Set down, exactly and only, everything from the line containing "IMPORTANT CHEM 162" down to the line containing "Para enviar un" in the data below; the pictures are not part of the copy.

* [The data]

◇ ◇ ◇ ◇ ◇ ◇ ◇

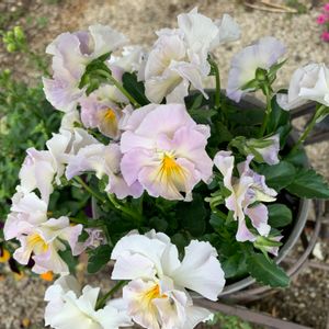 パンジー🌈 木村農園さんのフリル咲き可愛い〜💓 でもここ数日の暑さでお疲れ気味です😉
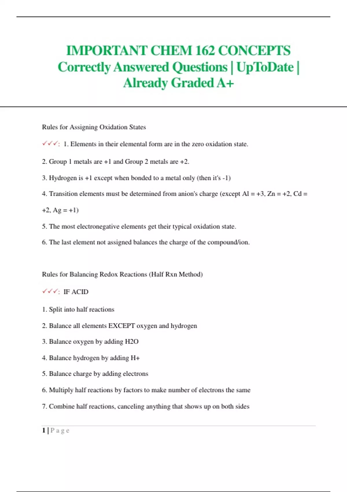 IMPORTANT CHEM 162 CONCEPTS Correctly Answered Questions| UpToDate | Already Graded A+
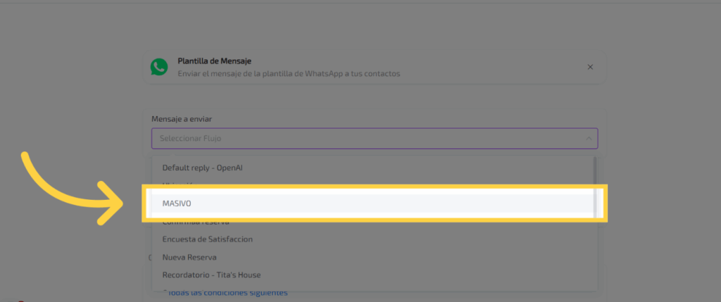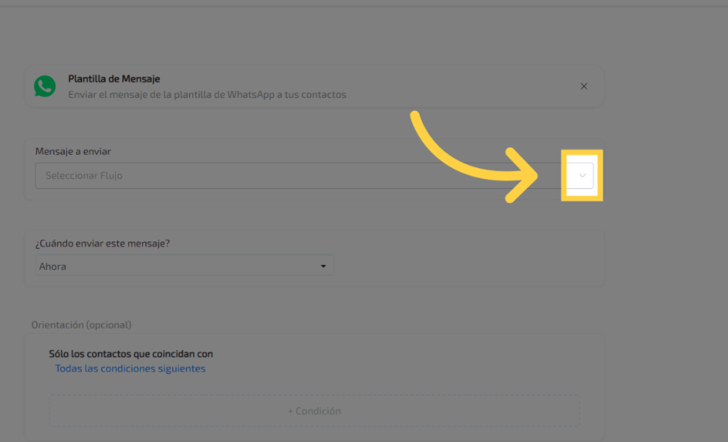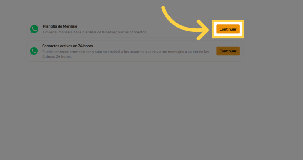 Para enviar un mensaje masivo por WhatsApp, recuerda que debes haber creado una plantilla con anticipación. De lo contrario, solo podrás enviar mensajes a los contactos con los que hayas interactuado en las últimas 24 horas. Ahora, selecciona la opción “Plantilla de mensajes”.
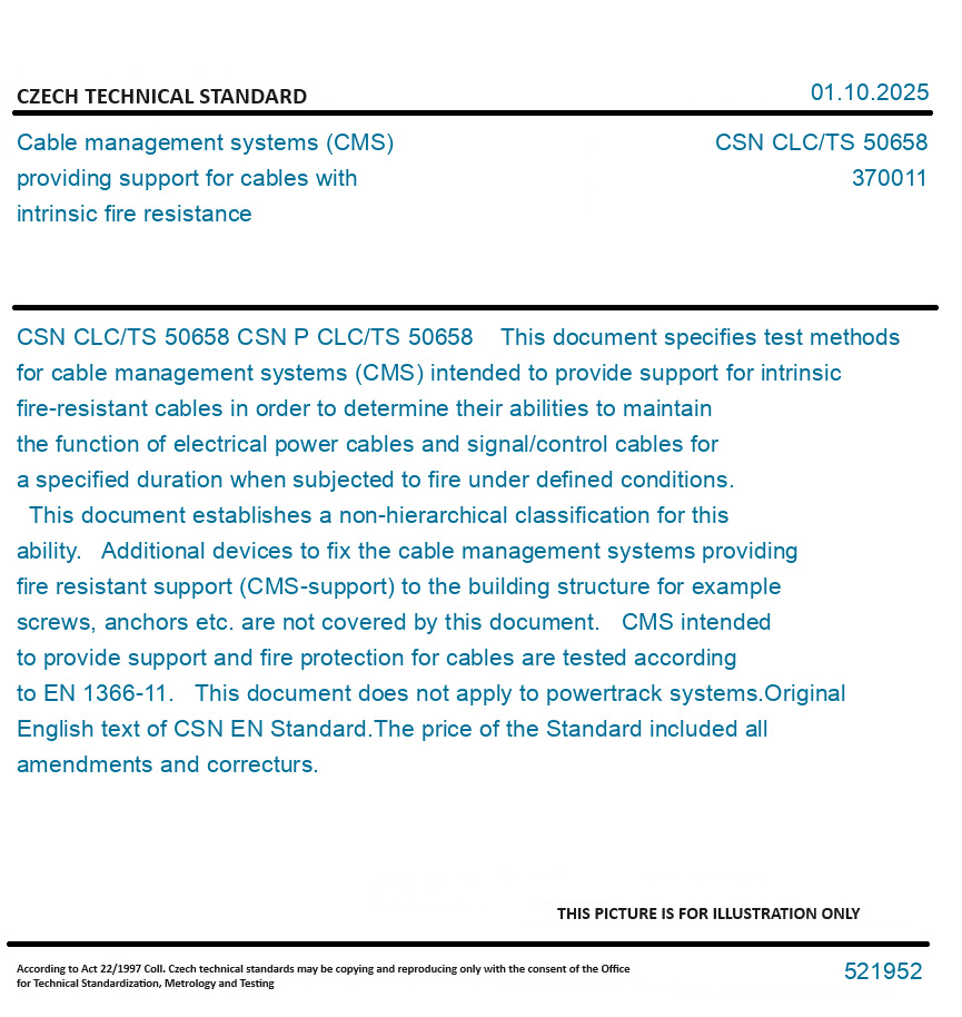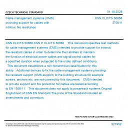 CSN P CLC/TS 50658 This document specifies test methods for cable management systems (CMS) intended to provide support for intrinsic fire-resistant cables in order to determine their abilities to maintain the function of electrical power cables and signal/control cables for a specified duration when subjected to fire under defined conditions. This document establishes a non-hierarchical classification for this ability. Additional devices to fix the cable management systems providing fire resistant support (CMS-support) to the building structure for example screws, anchors etc. are not covered by this document. CMS intended to provide support and fire protection for cables are tested according to EN 1366-11. This document does not apply to powertrack systems. Original English text of CSN EN Standard. The price of the Standard included all amendments and correcturs.

◇ ◇ ◇ ◇ ◇ ◇ ◇

* [Response area]
 IMPORTANT CHEM 162 CONCEPTS Correctly Answered Questions| UpToDate | Already Graded A+
 Para enviar un mensaje masivo por WhatsApp, recuerda que debes haber creado una plantilla con anticipación. De lo contrario, solo podrás enviar mensajes a los contactos con los que hayas interactuado en las últimas 24 horas. Ahora, selecciona la opción “Plantilla de mensajes”.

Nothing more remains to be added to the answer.